Now that would suck.


----------



## Banksy (Aug 31, 2005)

My first thought is that Dodge would not plow prep these trucks.


----------



## Whiffyspark (Dec 23, 2009)

Banksy;1853346 said:


> My first thought is that Dodge would not plow prep these trucks.


Anyone know if they have electronic steering?


----------



## Triple L (Nov 1, 2005)

What's soo bad about the electronic gear selector?

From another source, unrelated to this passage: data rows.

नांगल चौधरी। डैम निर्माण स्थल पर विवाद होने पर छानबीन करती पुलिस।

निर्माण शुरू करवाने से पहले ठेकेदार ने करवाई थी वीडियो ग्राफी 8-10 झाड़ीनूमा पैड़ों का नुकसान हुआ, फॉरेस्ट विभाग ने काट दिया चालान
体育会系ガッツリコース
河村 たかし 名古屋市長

I drove one and thought it was great!!! I'm not positive but I don't think that the eco diesel has electronic steering


----------



## SnoFarmer (Oct 15, 2004)

The new Dodge RAM 1500 eco diesel has upgraded the navigation system& electric power steering .
and the only tranny that is not shifted electronically is the manual G56.

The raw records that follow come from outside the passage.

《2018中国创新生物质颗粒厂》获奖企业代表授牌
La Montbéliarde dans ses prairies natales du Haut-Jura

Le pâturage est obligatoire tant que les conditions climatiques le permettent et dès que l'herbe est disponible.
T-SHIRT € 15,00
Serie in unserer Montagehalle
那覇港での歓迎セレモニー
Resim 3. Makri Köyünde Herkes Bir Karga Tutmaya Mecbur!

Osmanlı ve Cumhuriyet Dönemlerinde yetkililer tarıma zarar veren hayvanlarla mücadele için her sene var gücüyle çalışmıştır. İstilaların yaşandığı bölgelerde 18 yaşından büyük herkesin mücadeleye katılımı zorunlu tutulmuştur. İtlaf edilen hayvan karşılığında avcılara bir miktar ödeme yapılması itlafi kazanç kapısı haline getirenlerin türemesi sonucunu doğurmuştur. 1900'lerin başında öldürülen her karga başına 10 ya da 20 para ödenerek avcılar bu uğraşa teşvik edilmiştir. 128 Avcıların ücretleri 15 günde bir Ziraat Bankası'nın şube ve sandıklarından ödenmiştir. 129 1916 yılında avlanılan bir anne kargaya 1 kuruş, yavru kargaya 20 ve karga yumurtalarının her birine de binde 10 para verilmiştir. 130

on my 2500 with the 6.7 all the shiftier does is move on the column. it's shifted electronically by a ram on the tranny for D - R then a switch to manually select gears 1-6


----------



## Whiffyspark (Dec 23, 2009)

SnoFarmer;1853367 said:


> The new Dodge RAM 1500 eco diesel has upgraded the navigation system& electric power steering .
> and the only tranny that is not shifted electronically is the manual G56.
> 
> on my 2500 with the 6.7 all the shiftier does is move on the column. it's shifted electronically by a ram on the tranny for D - R then a switch to manually select gears 1-6


They don't have a column. That's the problem it's just a knob


----------



## SnoFarmer (Oct 15, 2004)

It would be a pain to have to reach to turn a knob.

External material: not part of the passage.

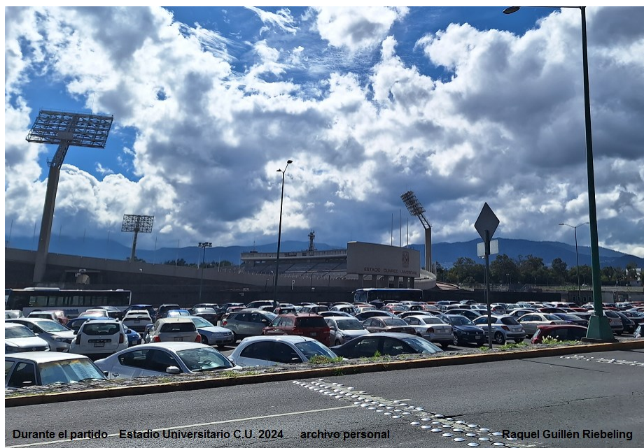
Durante el partido – Estadio Universitario C.U. 2024

Raquel del Socorro Guillén Riebeling Abril de 2024

and no plow group for the 1500. the plow group/prep really doesn't account for much anymore.

but why not, folks are plowing with 1500 gassers...

I'd plow my drive with it but I wouldn't go and plow parking lots with it



Whiffyspark;1853377 said:


> They don't have a column. That's the problem it's just a knob


----------



## trevier (Dec 24, 2007)

been plowing with my 1500 ext cab chevy since december of 06. The only difference between a non plow prep and a plow prep is the size of the alternator, 145 amps compared to 168amps, that's it. As long as you have a super engine cooling package you'll be fine plowing.


----------



## 1olddogtwo (Aug 6, 2007)

trevier;1853955 said:


> been plowing with my 1500 ext cab chevy since december of 06. The only difference between a non plow prep and a plow prep is the size of the alternator, 145 amps compared to 168amps, that's it. As long as you have a super engine cooling package you'll be fine plowing.


Really..... You comparing a 06 to a 15 with a 1st year diesel.....oh please.


----------



## Banksy (Aug 31, 2005)

Throw a plow on one of these new non-plow prepped Eco diesels with air suspension and then go make a drivetrain warranty claim. Good luck!


----------



## trevier (Dec 24, 2007)

1olddogtwo;1854080 said:


> Really..... You comparing a 06 to a 15 with a 1st year diesel.....oh please.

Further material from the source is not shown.